> **Exercise prompt**
Copy exactly the line containing "学童保育「ヤマミ学級」・一時保育の実施" and all the lines that follow it to the end of the records, minus the pictures.
┌─ Supplied records
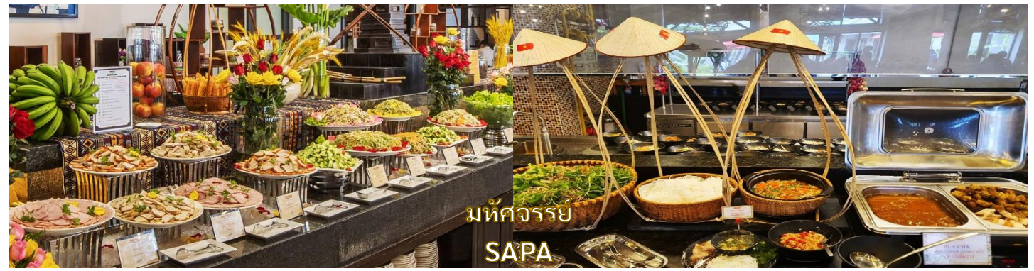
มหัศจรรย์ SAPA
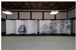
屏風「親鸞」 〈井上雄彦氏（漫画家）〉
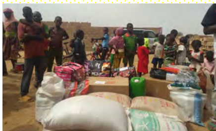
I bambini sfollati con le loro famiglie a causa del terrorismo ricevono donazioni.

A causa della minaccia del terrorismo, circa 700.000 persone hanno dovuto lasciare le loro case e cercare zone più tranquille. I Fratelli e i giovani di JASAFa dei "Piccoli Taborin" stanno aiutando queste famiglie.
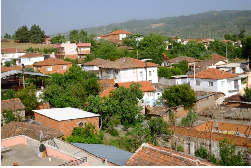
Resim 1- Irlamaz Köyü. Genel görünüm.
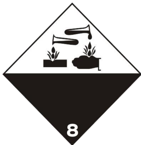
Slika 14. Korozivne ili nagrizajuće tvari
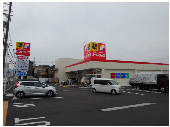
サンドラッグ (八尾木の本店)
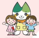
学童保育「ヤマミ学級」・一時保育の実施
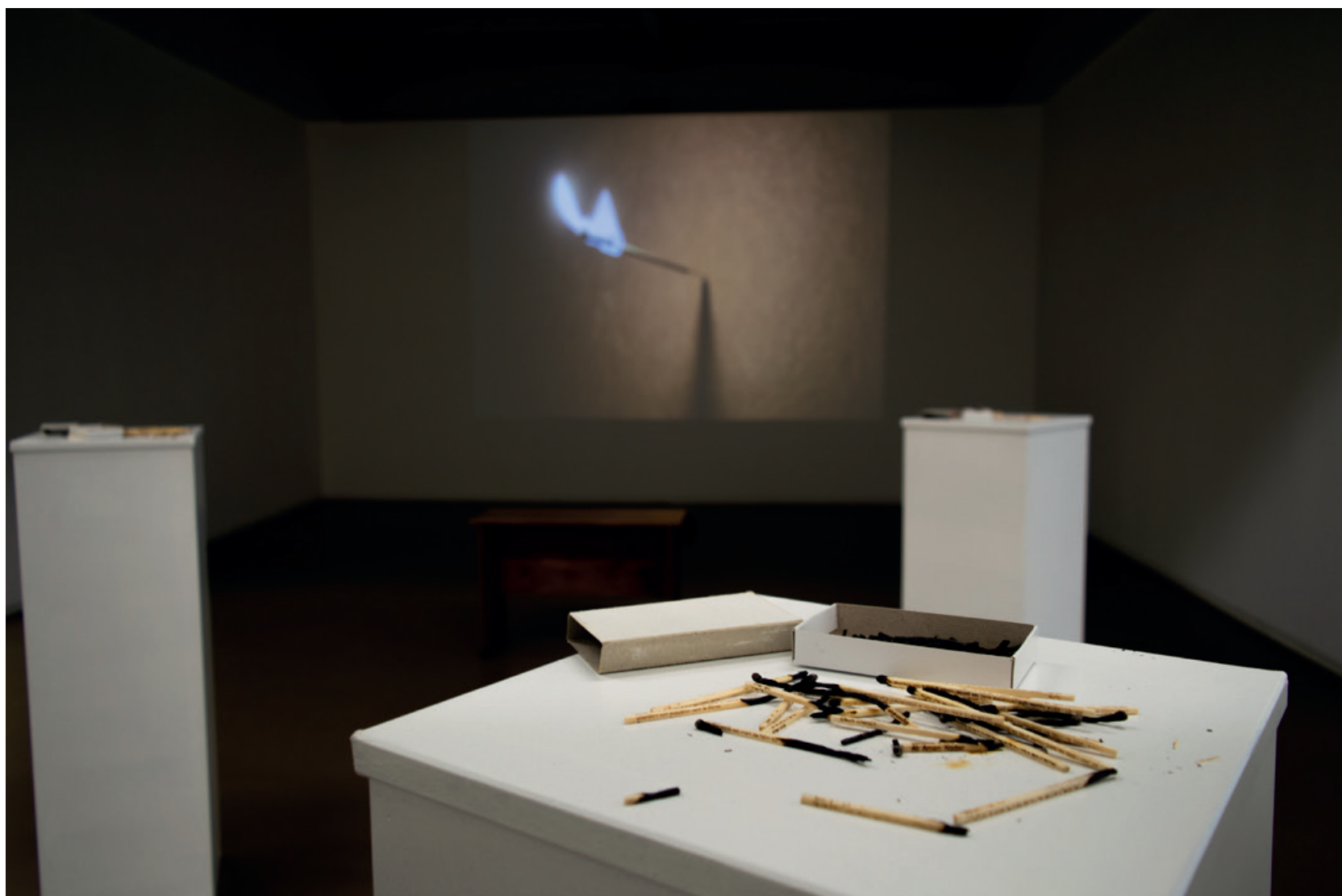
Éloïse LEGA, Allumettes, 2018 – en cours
└─
> **Answer for this exercise**
学童保育「ヤマミ学級」・一時保育の実施
Éloïse LEGA, Allumettes, 2018 – en cours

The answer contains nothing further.